EXERCISE DESCRIPTION
Print this span of the material below exactly: the line with "Quadro Decorativo Bailarina", the line with "İstanbul Fatih'te hareket", and every line between them, but nothing else.

EXTRACTED RECORDS

----

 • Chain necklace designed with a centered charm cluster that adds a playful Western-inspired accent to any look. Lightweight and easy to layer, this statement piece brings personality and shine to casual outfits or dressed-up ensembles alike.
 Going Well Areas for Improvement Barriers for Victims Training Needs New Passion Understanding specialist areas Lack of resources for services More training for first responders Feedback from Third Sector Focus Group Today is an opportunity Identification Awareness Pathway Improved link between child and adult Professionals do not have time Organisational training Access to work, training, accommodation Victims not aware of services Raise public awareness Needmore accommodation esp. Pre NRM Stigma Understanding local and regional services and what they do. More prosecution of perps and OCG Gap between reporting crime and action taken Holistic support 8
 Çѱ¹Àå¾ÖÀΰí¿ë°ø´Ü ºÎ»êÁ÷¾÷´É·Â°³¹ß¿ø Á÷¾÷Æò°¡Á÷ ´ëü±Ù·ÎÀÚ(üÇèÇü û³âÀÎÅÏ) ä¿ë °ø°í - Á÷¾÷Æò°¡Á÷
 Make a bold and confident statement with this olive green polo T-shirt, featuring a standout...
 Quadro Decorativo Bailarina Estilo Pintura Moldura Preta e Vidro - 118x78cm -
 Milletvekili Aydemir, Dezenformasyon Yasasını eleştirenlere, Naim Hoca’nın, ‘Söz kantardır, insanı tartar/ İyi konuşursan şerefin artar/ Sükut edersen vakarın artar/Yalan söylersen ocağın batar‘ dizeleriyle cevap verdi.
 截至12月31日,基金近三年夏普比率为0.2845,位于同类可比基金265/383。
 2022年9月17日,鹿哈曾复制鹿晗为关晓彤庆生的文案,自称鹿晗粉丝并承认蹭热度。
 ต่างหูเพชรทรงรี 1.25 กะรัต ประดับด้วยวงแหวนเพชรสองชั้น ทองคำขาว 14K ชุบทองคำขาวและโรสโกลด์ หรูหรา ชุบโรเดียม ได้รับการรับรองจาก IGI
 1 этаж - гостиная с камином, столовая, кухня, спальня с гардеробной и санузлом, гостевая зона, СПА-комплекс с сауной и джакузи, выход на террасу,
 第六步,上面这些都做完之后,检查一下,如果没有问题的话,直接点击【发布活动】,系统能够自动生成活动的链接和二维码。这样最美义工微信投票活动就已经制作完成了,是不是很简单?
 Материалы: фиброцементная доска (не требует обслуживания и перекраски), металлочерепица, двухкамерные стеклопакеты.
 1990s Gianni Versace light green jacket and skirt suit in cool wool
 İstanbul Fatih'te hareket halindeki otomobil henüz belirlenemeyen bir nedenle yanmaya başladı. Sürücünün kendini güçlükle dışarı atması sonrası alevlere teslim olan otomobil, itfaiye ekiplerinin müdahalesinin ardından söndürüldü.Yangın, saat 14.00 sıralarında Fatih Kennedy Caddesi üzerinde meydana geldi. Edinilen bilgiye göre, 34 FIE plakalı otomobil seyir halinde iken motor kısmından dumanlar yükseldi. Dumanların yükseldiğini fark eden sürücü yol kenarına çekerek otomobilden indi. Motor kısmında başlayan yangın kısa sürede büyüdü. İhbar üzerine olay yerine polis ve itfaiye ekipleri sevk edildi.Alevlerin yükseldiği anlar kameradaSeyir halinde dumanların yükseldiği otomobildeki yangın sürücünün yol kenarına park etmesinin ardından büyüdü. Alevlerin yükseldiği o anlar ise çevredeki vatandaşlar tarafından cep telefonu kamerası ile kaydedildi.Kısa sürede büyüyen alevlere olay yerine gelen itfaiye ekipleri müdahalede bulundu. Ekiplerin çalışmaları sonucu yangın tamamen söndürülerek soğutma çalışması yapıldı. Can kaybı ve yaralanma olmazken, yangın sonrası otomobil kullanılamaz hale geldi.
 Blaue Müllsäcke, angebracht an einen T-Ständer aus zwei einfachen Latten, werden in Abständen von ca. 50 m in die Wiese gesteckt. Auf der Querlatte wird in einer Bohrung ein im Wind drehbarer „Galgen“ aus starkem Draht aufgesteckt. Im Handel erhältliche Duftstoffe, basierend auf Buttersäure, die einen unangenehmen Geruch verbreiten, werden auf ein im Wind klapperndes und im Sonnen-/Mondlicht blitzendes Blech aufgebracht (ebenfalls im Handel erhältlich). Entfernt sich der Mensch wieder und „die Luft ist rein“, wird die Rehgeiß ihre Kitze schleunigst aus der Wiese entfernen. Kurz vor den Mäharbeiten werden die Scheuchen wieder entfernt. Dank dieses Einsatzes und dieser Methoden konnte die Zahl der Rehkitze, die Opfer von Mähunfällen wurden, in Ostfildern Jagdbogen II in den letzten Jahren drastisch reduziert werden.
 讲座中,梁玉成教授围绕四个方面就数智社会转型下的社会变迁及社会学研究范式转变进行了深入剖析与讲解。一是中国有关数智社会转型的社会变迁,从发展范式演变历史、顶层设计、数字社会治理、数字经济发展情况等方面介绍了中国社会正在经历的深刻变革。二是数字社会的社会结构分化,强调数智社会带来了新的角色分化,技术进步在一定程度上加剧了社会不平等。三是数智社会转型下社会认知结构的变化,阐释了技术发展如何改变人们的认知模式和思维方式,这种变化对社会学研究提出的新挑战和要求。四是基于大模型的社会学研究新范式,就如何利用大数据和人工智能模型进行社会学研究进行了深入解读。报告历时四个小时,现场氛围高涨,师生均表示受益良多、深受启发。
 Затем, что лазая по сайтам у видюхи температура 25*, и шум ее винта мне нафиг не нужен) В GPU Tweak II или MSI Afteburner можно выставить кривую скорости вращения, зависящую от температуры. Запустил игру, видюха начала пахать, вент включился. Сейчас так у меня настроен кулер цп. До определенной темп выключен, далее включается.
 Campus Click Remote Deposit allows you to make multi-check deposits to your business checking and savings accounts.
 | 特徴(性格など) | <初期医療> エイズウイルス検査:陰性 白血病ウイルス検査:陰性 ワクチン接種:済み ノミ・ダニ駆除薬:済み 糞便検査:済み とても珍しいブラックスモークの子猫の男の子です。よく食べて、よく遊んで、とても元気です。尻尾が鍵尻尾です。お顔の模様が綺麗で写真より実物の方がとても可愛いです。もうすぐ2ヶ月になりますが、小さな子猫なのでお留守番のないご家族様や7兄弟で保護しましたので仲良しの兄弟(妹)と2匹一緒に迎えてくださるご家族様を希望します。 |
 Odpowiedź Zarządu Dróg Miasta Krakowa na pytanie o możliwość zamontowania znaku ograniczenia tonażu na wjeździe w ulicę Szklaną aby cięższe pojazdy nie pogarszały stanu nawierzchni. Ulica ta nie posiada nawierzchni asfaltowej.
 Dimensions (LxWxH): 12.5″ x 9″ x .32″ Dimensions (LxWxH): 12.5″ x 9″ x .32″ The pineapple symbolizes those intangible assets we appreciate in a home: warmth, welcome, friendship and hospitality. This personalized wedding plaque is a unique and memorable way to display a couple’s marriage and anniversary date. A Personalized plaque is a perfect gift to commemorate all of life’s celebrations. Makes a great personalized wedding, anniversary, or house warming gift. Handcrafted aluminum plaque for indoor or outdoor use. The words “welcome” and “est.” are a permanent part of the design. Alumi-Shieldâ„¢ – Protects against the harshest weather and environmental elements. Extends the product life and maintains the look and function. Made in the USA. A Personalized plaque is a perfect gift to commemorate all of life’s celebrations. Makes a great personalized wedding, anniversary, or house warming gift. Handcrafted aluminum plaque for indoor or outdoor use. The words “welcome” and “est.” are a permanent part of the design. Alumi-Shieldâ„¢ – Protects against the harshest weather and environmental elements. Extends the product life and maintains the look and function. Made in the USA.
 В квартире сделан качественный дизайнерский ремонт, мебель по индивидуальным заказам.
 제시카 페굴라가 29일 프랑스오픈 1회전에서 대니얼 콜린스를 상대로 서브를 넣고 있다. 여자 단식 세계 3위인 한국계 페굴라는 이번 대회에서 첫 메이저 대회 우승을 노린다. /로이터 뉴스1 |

----

EXERCISE OUTPUT
 Quadro Decorativo Bailarina Estilo Pintura Moldura Preta e Vidro - 118x78cm -
 Milletvekili Aydemir, Dezenformasyon Yasasını eleştirenlere, Naim Hoca’nın, ‘Söz kantardır, insanı tartar/ İyi konuşursan şerefin artar/ Sükut edersen vakarın artar/Yalan söylersen ocağın batar‘ dizeleriyle cevap verdi.
 截至12月31日,基金近三年夏普比率为0.2845,位于同类可比基金265/383。
 2022年9月17日,鹿哈曾复制鹿晗为关晓彤庆生的文案,自称鹿晗粉丝并承认蹭热度。
 ต่างหูเพชรทรงรี 1.25 กะรัต ประดับด้วยวงแหวนเพชรสองชั้น ทองคำขาว 14K ชุบทองคำขาวและโรสโกลด์ หรูหรา ชุบโรเดียม ได้รับการรับรองจาก IGI
 1 этаж - гостиная с камином, столовая, кухня, спальня с гардеробной и санузлом, гостевая зона, СПА-комплекс с сауной и джакузи, выход на террасу,
 第六步,上面这些都做完之后,检查一下,如果没有问题的话,直接点击【发布活动】,系统能够自动生成活动的链接和二维码。这样最美义工微信投票活动就已经制作完成了,是不是很简单?
 Материалы: фиброцементная доска (не требует обслуживания и перекраски), металлочерепица, двухкамерные стеклопакеты.
 1990s Gianni Versace light green jacket and skirt suit in cool wool
 İstanbul Fatih'te hareket halindeki otomobil henüz belirlenemeyen bir nedenle yanmaya başladı. Sürücünün kendini güçlükle dışarı atması sonrası alevlere teslim olan otomobil, itfaiye ekiplerinin müdahalesinin ardından söndürüldü.Yangın, saat 14.00 sıralarında Fatih Kennedy Caddesi üzerinde meydana geldi. Edinilen bilgiye göre, 34 FIE plakalı otomobil seyir halinde iken motor kısmından dumanlar yükseldi. Dumanların yükseldiğini fark eden sürücü yol kenarına çekerek otomobilden indi. Motor kısmında başlayan yangın kısa sürede büyüdü. İhbar üzerine olay yerine polis ve itfaiye ekipleri sevk edildi.Alevlerin yükseldiği anlar kameradaSeyir halinde dumanların yükseldiği otomobildeki yangın sürücünün yol kenarına park etmesinin ardından büyüdü. Alevlerin yükseldiği o anlar ise çevredeki vatandaşlar tarafından cep telefonu kamerası ile kaydedildi.Kısa sürede büyüyen alevlere olay yerine gelen itfaiye ekipleri müdahalede bulundu. Ekiplerin çalışmaları sonucu yangın tamamen söndürülerek soğutma çalışması yapıldı. Can kaybı ve yaralanma olmazken, yangın sonrası otomobil kullanılamaz hale geldi.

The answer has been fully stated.